SANTA FE, N.M. — Bill Richardson is holding court, seated at the far end of a shiny table in his modest Albuquerque office. It is Thursday, and the governor is hosting one of his regular open-door sessions — a chance for citizens to walk off the street and avail themselves of an audience with New Mexico's chief executive.

Richardson values these meetings, he said, for the knowledge he takes away and the connection they give him to the far-flung people of his state.

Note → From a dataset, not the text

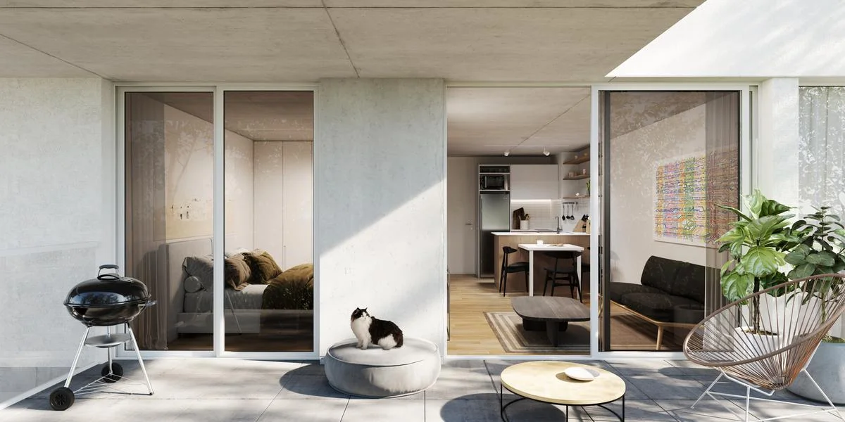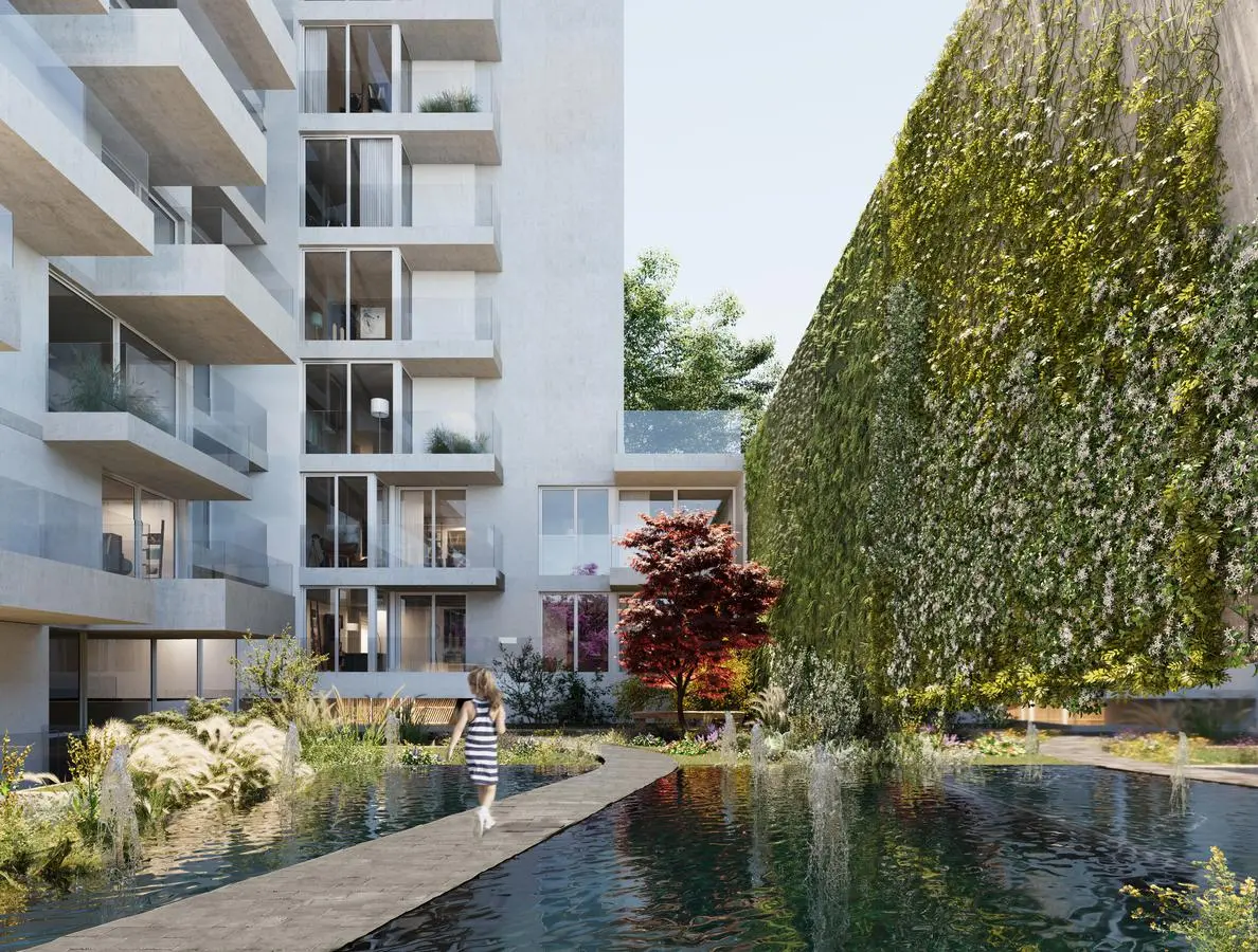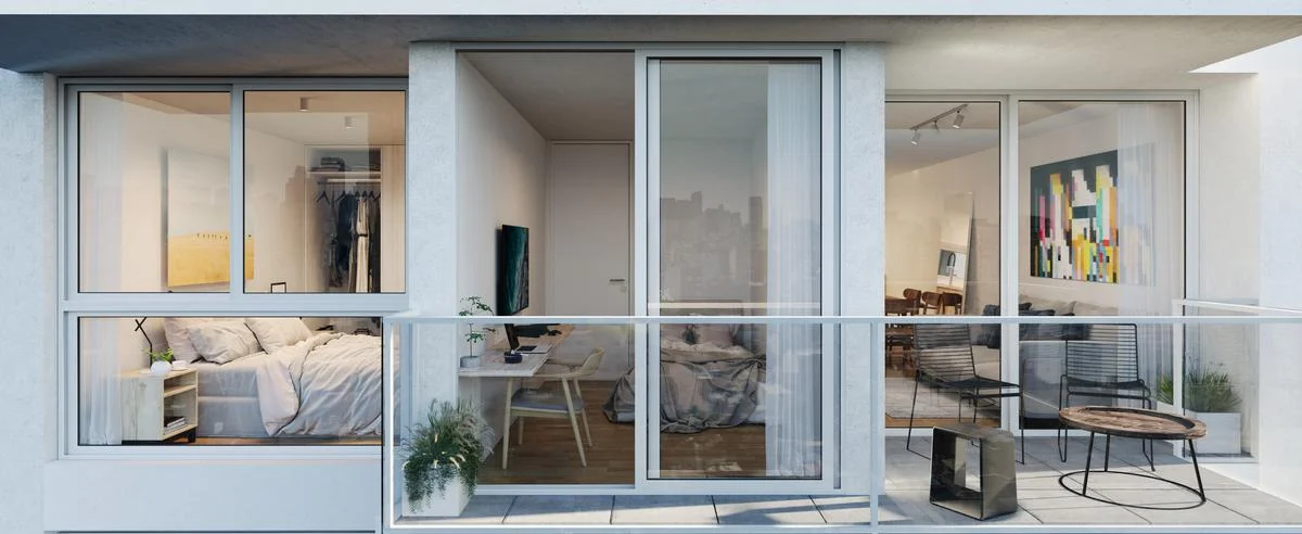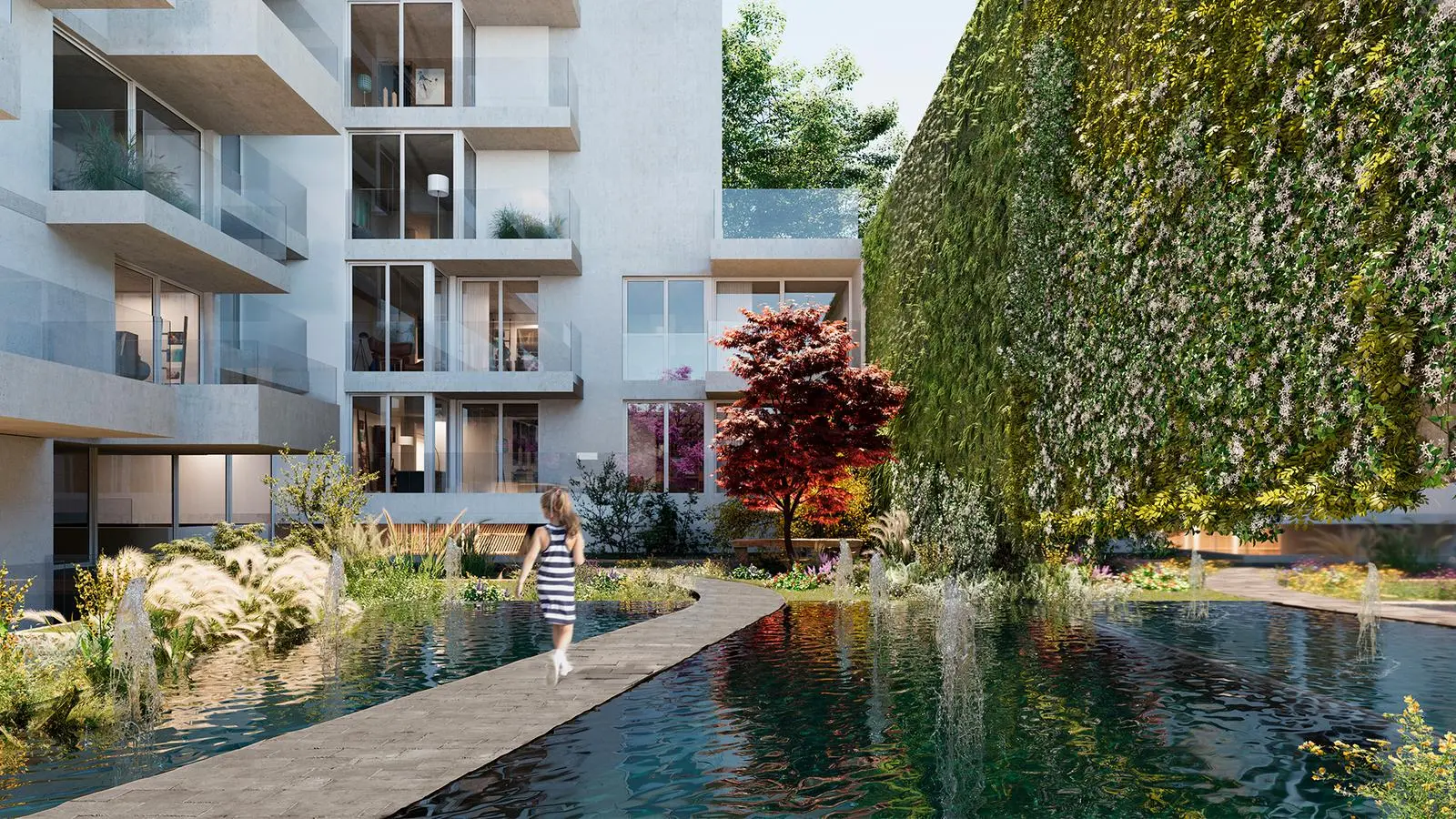 Unidad con terraza exclusiva de 6 m², con vista a espacios verdes y espejo de agua.

But Richardson is a man of constant, propulsive motion, and it obviously pains him to sit still for so long. Even more painful, it seems, is having to sit with his mouth shut.

In the course of one afternoon, Richardson will meet a candidate for state attorney general, agree to write the foreword of a nature book, grant $500,000 to put a new roof on a local library, agree to a management study at the University of New Mexico hospital, and pardon three convicted felons. Each session goes something like this: a handshake, chitchat, goodnatured needling, a bit of listening. And then the governor abruptly cuts off each visitor. "OK," he demands. "What do you want from me?"

Richardson has long been the proverbial man in a hurry, starting with his first audacious run for office 25 years ago, when, transplanted from Washington, the Democrat nearly unseated the state's veteran GOP congressman. (Richardson won his own House seat in 1982.) Lately, Richardson's exertions have been aimed at resuscitating New Mexico, the sick man of the Southwest. His ultimate design, apparently, is a White House bid in 2008.